Le nombre de médecins en Suisse ne cesse de croître. Seule l'Autriche fait mieux dans le monde.

La densité médicale continue de croître en Suisse. Avec 3,8 médecins pour 1000 habitants en 2010, le pays se classe désormais deuxième au niveau international. Seule l'Autriche fait mieux avec 4,8 médecins pour 1000 habitants.

Entre 2000 et 2010, le nombre de médecins pour 1000 habitants est passé de 3,5 à 3,8 en Suisse. Un rang a été gagné sur l'Italie, où la densité médicale a diminué de 4,1 en 2000 à 3,4 en 2010.

L'Autriche a en revanche conforté son avance en passant de 3,9 à 4,8 praticiens pour 1000 habitants, selon des chiffres de l'Organisation de coopération et de développement économiques relayés par le Bulletin de la Fédération des médecins suisses (FMH).

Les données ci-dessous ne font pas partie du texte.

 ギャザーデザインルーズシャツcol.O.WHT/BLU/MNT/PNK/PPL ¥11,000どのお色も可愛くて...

La Suisse se place légèrement devant l'Allemagne, où la densité médicale a progressé de 3,3 à 3,6 et la France, où elle est restée stable entre 2000 et 2010 à 3,3. Aux Etats-Unis, le nombre de médecins pour 1000 habitants est nettement moindre qu'en Suisse, avec 2,4 en 2010 (2,3 en 2000).

Importantes disparités

La bonne place de la Suisse ne doit cependant pas faire oublier d'importantes disparités selon les régions. Sans surprise, les cantons de Vaud, Genève, Berne, Zurich et Bâle-Ville sont mieux dotés que les régions périphériques et rurales. Les cantons de Suisse centrale souffrent tout particulièrement d'une faible densité médicale.

Pour cette comparaison entre régions, le Bulletin des médecins suisse utilise un indicateur inverse à celui de l'OCDE et présente le nombre d'habitants par médecins. Les régions bien pourvues en personnel médical sont donc celles qui présentent les chiffres les plus bas. En moyenne Suisse, on compte un médecin pour 489 habitants dans le domaine ambulatoire et un pour 574 dans l'hospitalier.

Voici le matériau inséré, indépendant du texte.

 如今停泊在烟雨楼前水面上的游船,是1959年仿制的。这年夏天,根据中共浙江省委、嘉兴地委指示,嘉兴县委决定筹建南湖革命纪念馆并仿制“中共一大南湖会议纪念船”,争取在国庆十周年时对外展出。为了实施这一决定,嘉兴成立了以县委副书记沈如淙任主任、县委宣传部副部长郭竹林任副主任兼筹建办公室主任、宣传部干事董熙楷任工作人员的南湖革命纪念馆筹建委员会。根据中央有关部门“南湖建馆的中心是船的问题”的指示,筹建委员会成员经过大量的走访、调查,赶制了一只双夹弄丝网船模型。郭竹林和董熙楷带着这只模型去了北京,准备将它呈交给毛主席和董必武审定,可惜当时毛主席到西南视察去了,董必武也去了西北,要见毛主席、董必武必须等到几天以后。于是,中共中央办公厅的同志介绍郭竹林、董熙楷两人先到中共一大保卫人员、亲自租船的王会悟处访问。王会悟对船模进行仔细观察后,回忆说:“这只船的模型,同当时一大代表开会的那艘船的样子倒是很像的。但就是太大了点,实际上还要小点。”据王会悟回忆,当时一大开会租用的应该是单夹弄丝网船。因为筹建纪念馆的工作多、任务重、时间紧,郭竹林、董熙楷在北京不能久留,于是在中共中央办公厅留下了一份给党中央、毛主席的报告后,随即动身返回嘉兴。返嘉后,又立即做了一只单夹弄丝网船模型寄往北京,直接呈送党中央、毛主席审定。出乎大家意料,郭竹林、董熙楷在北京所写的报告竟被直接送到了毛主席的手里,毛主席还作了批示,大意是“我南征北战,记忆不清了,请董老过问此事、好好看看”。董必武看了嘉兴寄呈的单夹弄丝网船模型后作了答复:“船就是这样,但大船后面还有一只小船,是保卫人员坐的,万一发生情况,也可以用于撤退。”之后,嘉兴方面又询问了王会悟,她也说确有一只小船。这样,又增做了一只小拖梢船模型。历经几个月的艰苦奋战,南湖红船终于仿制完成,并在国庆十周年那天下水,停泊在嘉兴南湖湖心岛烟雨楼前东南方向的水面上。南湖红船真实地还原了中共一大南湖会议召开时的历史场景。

Bâle-Ville arrive en tête, avec un médecin pour 244 habitants en ambulatoire. Le canton de Genève est deuxième, un pour 296, suivi de Vaud et Zurich, un pour 426 respectivement 417.

En bas de classement, Appenzell Rhodes-Intérieures et Uri comptent respectivement un médecin pour 980 et 1012 habitants pour l'ambulatoire. Dans le domaine hospitalier, ce chiffre grimpe même à un médecin pour 1569 habitants à Appenzell Rhodes-Intérieures et à un pour 1687 à Uri.

Au niveau romand, le Valais, le Jura et Fribourg sont mal lotis, avec respectivement un médecin pour 681, 700 et 723 habitants en ambulatoire. Dans le domaine hospitalier, ces valeurs sont de un pour 900, 1029 et 994.

Pénurie et féminisation

Par ailleurs, le Bulletin établit un lien entre le manque de médecins en Suisse et la féminisation de la profession. Si les femmes sont, depuis une dizaine d'années, majoritaires parmi les diplômés (61% en 2010), elles privilégient des postes à temps partiel et travaillent en moyenne 1 jour de moins que leurs confrères masculins.

Sur un peu plus de 30'000 médecins en activité, 35,8% étaient des femmes en 2010, soit une légère hausse par rapport à 2009, selon des données de la FMH.

En examinant la pyramide des âges, on constate à quel point la féminisation du corps médical est un phénomène récent. A partir de 35 ans, les hommes sont à nouveau majoritaires. Plus l'âge avance, plus le déséquilibre s'accroît. Dans la tranche d'âge 60-64 ans, les femmes médecins ne sont que 18%.